I did not master the crawl or the backstroke until high school when I joined a swim team. It simply didn’t look right as a pseudo-jock to sidestroke my way across the pool like a panicked crab. And so I faked it to make the team, though it was my legs that saved me. They have always been strong and trusting in the depths. And though I did participate in competitive water polo and later learned about the buddy system, my lifelong love of swimming ultimately derived from the joy of being alone, surrounded by the nurturing and supportive element of either fresh or salty water.

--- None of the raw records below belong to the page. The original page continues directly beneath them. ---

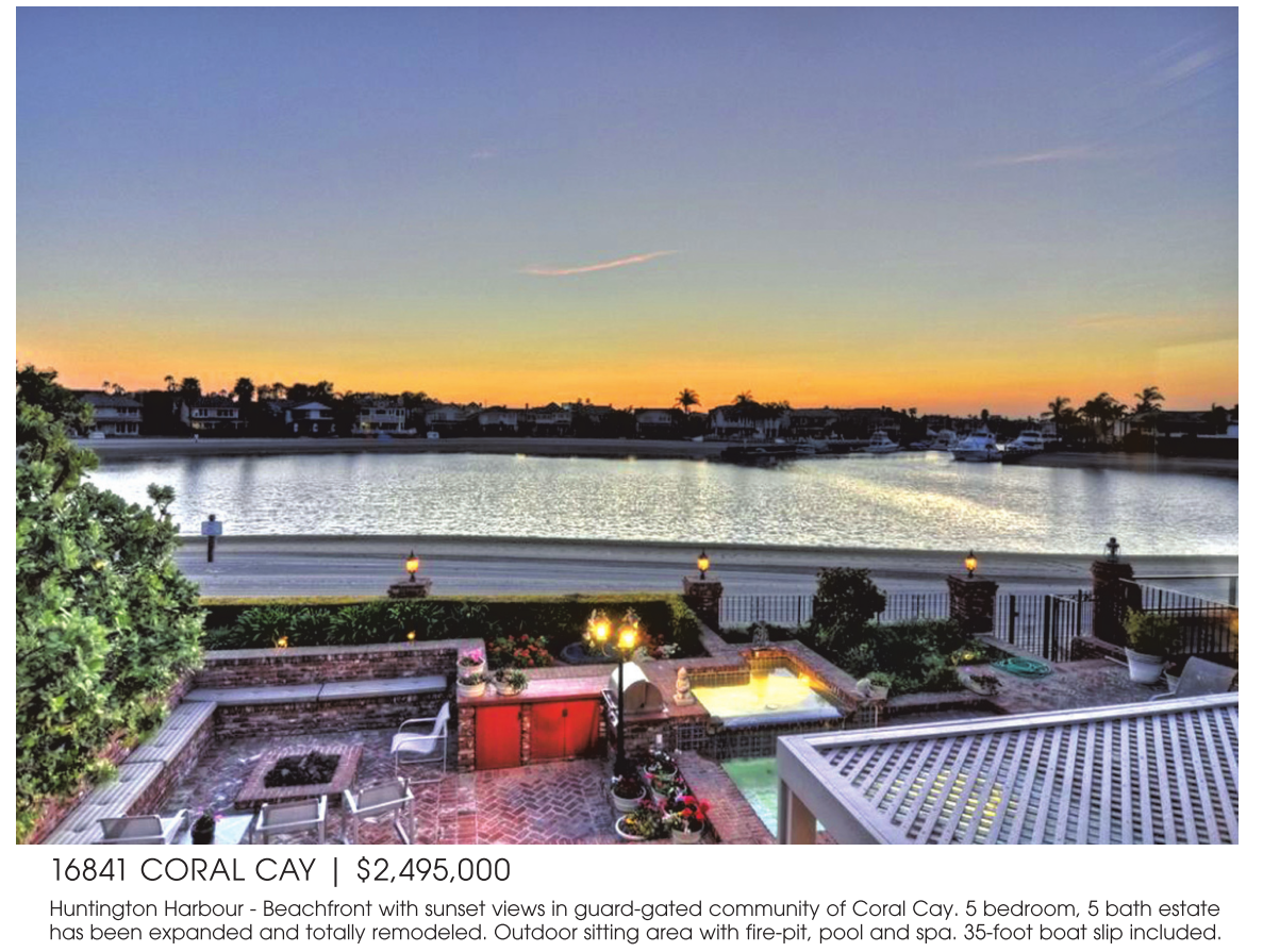 Huntington Harbour - Beachfront with sunset views in guard-gated community of Coral Cay. 5 bedroom, 5 bath estate has been expanded and totally remodeled. Outdoor sitting area with fire-pit, pool and spa. 35-foot boat slip included.
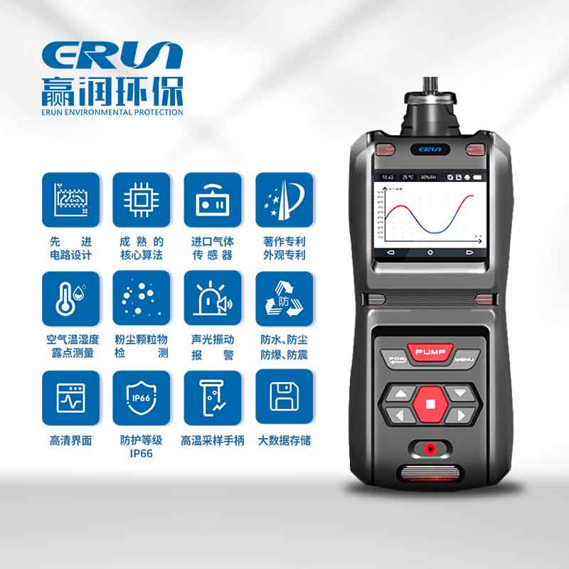 贏潤集團研發生產的ERUN-PG71S5-ACS手持式泵吸型嗎啉C4H9NO氣體檢測報警儀適用于鍋爐防腐劑、表面活性劑、抗氧劑、有機合成中間體、溶劑、橡膠硫化促進劑、增塑劑、醫藥等所有使用1,4-氧氮雜環己烷C4H9NO作為原料的生產儲運等工況場所,便攜式嗎啡林蒸汽濃度檢測儀可以快速檢測空氣中的嗎啉氣體的濃度含量,手持式嗎啉氣體泄漏報警器采用2.5寸高清彩屏實時顯示嗎啡林蒸汽的濃度值,超標聲光振動報警,同時具有Ex ia ⅡC T4 Ga級本質安全型防爆功能和IP66級防水防塵功能,抗靜電和強電磁場干擾。
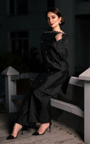 Immerse yourself in the magic of our newest creation - a Limited Edition to our growing range; presenting you Night Fall. A ravishing beauty in black raw silk comes to life with delicate stones in a maroon tint. We have glamorised a simple boat neck with our handcrafted work just on the right places. This dress is our designers pick and you can wear this ensemble when you just want to leave a solid mark without being too indulgent.
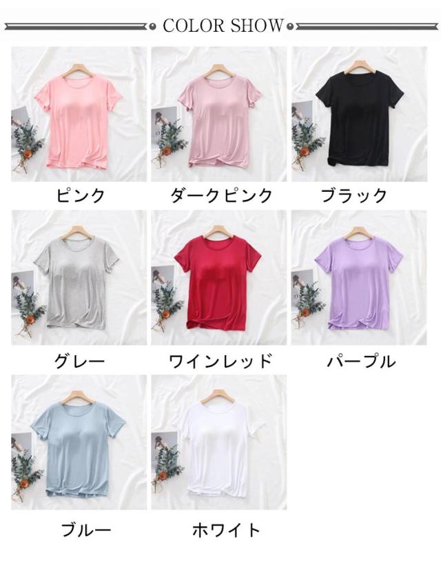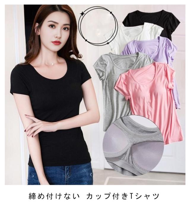 大きいサイズ 半袖インナー ブラトップ 通気性 パッド付 カップ付き Tシャツブラ トップス 無地 ストレッチ 下着 ブラトップ カップ付き 肌着 伸縮性 Tシャツ 締め付けない カットソー ルームウエア ジムウエア ヨガウエア 部屋着

Certainly in some kinesthetic way we all remember our uterine origins – induction to life here on earth. There is ever something undeniably primal in surrendering to an amniotic-like matrix. Where fear sneaks in for those I’ve spoken with who tend to shy away from deep water is the dearth of knowing what lies beneath. After all, save for twins or other simultaneous siblings, most of us cruised that womb alone. Meanwhile if so very many people did not fear the plunge, it would indeed be crowded out there in Mother Ocean, but it has never been – despite the fact that Hawaii remains one of the world’s premier tourist destinations.

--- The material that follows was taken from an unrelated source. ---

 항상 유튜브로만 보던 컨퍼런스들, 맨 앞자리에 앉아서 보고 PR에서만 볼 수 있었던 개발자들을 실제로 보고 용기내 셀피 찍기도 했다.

My husband and I recently enjoyed the documentary I AM, conceived by Tom Shadyac, famed director of such films as The Nutty Professor and Ace Ventura. In this film, researchers postulate that we’ve got it all wrong as pertains to the nature of human beings when it comes to actual versus perceived threats. It is in the findings of these scholars and scientists that we discover an inherent cooperation and goodness in all life forms, along with a definitive interrelatedness. Even National Geographic continues financing untold numbers of films depicting the awe-filled savagery of Creation. In truth during the majority of the time however, creatures foster and support community rather than actively engaging adversity. But boring isn’t good box office, nor does the mundane elicit the same kind of funding that contention and discord likely do. Nobody’s fault. But it’s worth a mention and a viewing to discover some of what prompts us to fear so much about this multifaceted miracle of our temporal existence. If we understood to our core that fundamental interconnection, would we relax into trusting more than skittering about in apprehension? Would it make a difference in our experiences?

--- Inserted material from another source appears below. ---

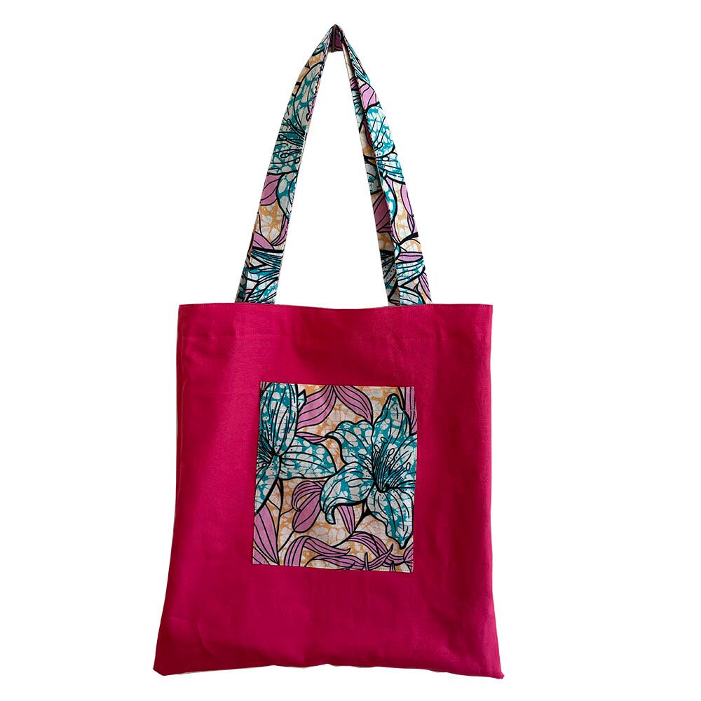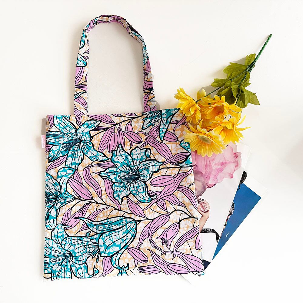 アフリカの大胆な柄で作った少し大きめのトートバッグ。大きすぎず、簡単に持てる便利バッグです。
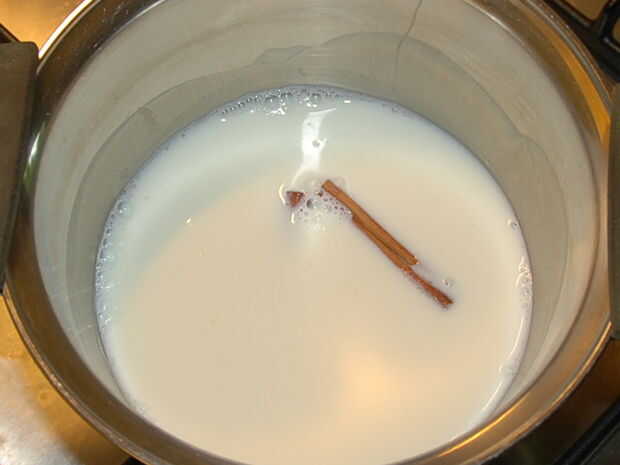 Vierta la leche en una cacerola y añadir los palitos de canela. Caliéntelo suavemente hacia arriba (casi hirviendo). Apagar completamente el fuego y deje reposar 15 minutos.

For me it is less boldness than an acute sensitivity to large bodies of water, coupled with a faith in destiny – that propels me out and into the depths. Maine offered the sparkling glacial jewel that is Goose Pond. In the Hawaiian ocean it is a kinship with the spirits of the deep that has never guided me falsely. If I always pay attention to my gut feeling before entering the water, I remain confident in trusting those impulses. Sometimes that means I sit in the sand and go home to return another day. Most times however, I head on out into the bay.
In the end, if I’m meant to die being torn asunder by sharks – if that is indeed my destiny – there isn’t much I can do to prevent it, even if I never set foot in the ocean again. I might be flying overhead as the plane crashes with the same result. All I’m saying is that somehow I don’t allow fear to overrule the pursuit of happiness in this life. And filling that cup to overflowing always involves joining with nature in all her wild manifestations. I’ll tell you, all the lights on Broadway don’t amount to an acre of green …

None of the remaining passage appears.